Bankruptcy concerns swirl around used car dealership Carvana

Bankruptcy concerns swirl around used-car dealership Carvana

New York CNN —

Used-car dealership Carvana, which is facing a liquidity crunch, could be heading for bankruptcy, according to both published reports and the view of a bearish analyst who lowered its share price target to $1.

In afternoon trading, Carvana, best known for its vending machine concept, stands at about $4.60 a share, up on the day but down more than 40% from the previous week.

Used car prices have fallen from record highs in recent months as higher interest rates have made used cars unaffordable for many potential buyers. Carvana (CVNA), a relatively new player in the used-car space, has lost most quarters since it went public in 2017 as it aimed for revenue growth rather than short-term profitability.

But his losses have widened amidst the recent downturn in the industry.

The company reported a net loss of $1.5 billion for the first nine months of this year, up from a net loss of $105 million for the same period in 2021.

And its cash on hand was $316 million as of Sept. 30, down 22% year-to-date, despite increased borrowing capacity. It said it would cut 1,500 jobs last month due to slower auto sales.

Bloomberg reported on Tuesday that the main holders of Carvana debt have entered into a cooperation agreement to work together and give them more leverage in any negotiations with the company. And it was reported on Wednesday that the company is in talks with lawyers and investment bankers about options to manage its debt burden amid concerns over its ability to pay.

Seth Basham, a An analyst at Wedbush Securities, cut his target price on the stock to $1 from $9 in a note Wednesday, saying the fact that its debt is trading at less than 50 cents to the dollar is a sign that a “higher likelihood of debt” exists restructuring that could render equity worthless in a bankruptcy scenario…or, at best, severely diluted.”

Carvana launched 10 years ago with a plan to revolutionize the used car market, offering both online car shopping and trade-ins as well as distinctive car vending machines.
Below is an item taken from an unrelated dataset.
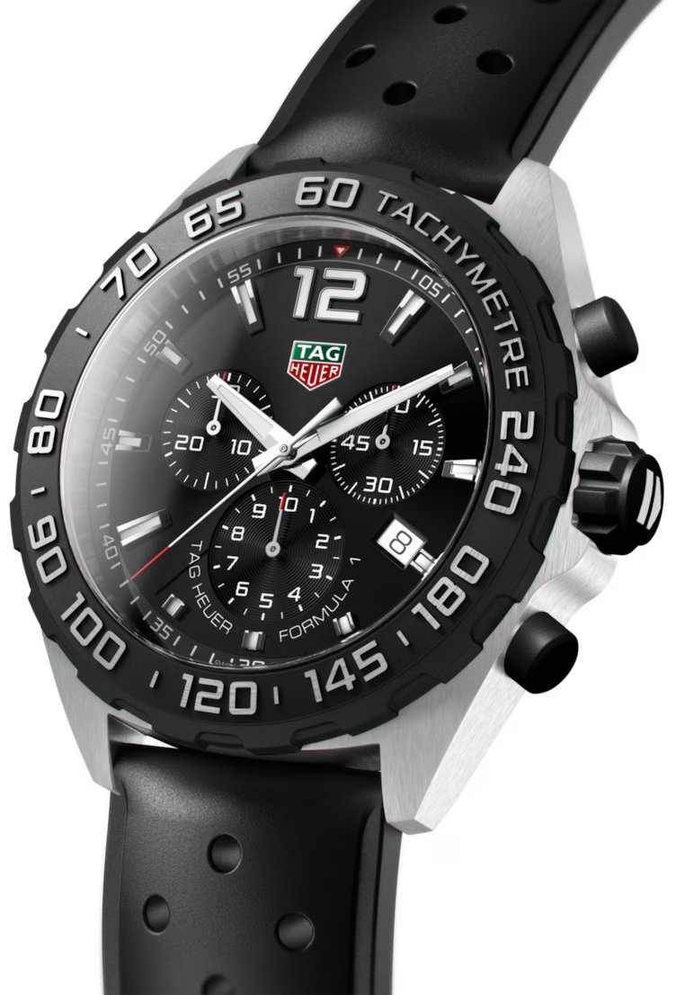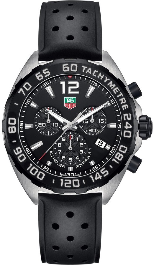 Tag Heuer Formula 1 Chronograph CAZ1010.FT8024 sú pánske športové hodinky na čiernom perforovanom kaučukovom remienku s tŕňovou sponou. Oceľové puzdro má priemer 43 milimetrov, otočnú lunetu s tachymetrickou stupnicou a skrutkovaciu korunku. Čierny číselník s ukazovateľom dátumu, priebežnou sekundovkou a sčítačmi stopiek je chránený odolným zafírovým sklom. Ručičky a indexy sú ošetrené náterom Super-LumiNova® pre čo najlepšiu možnú čitateľnosť za zhoršených svetelných podmienok. Pohon hodiniek zaisťuje švajčiarsky quartzový strojček. S vodotesnosťou 20 ATM sú hodinky vhodné na prístrojové potápanie.

But Basham told CNN that Carvana’s problems are worse than other used-car dealerships because it was expanding faster than its sales could support.

“They put the cart before the horse,” he said. “They’ve built infrastructure for a lot more revenue than they’re currently doing. And that gave them a lot of overcapacity.”

The company commented directly on the report of talks with lawyers and bankers and only stated that it was not a party to the cooperation agreement among bondholders.

“Our message to our customers, shareholders, employees and other stakeholders remains clear: we are solely focused on executing the profitability plan outlined in our third quarter shareholder letter, and we have significant liquidity to get us there,” the company said in a statement. “These reports in no way change that strategy.”

But the reports only fueled an already ongoing sell-off in shares. Shares were down 97% this year by the close of trading last Friday. They plunged to an all-time low of $3.55 a share on Wednesday before closing at $3.83 a share, down 43% for the day.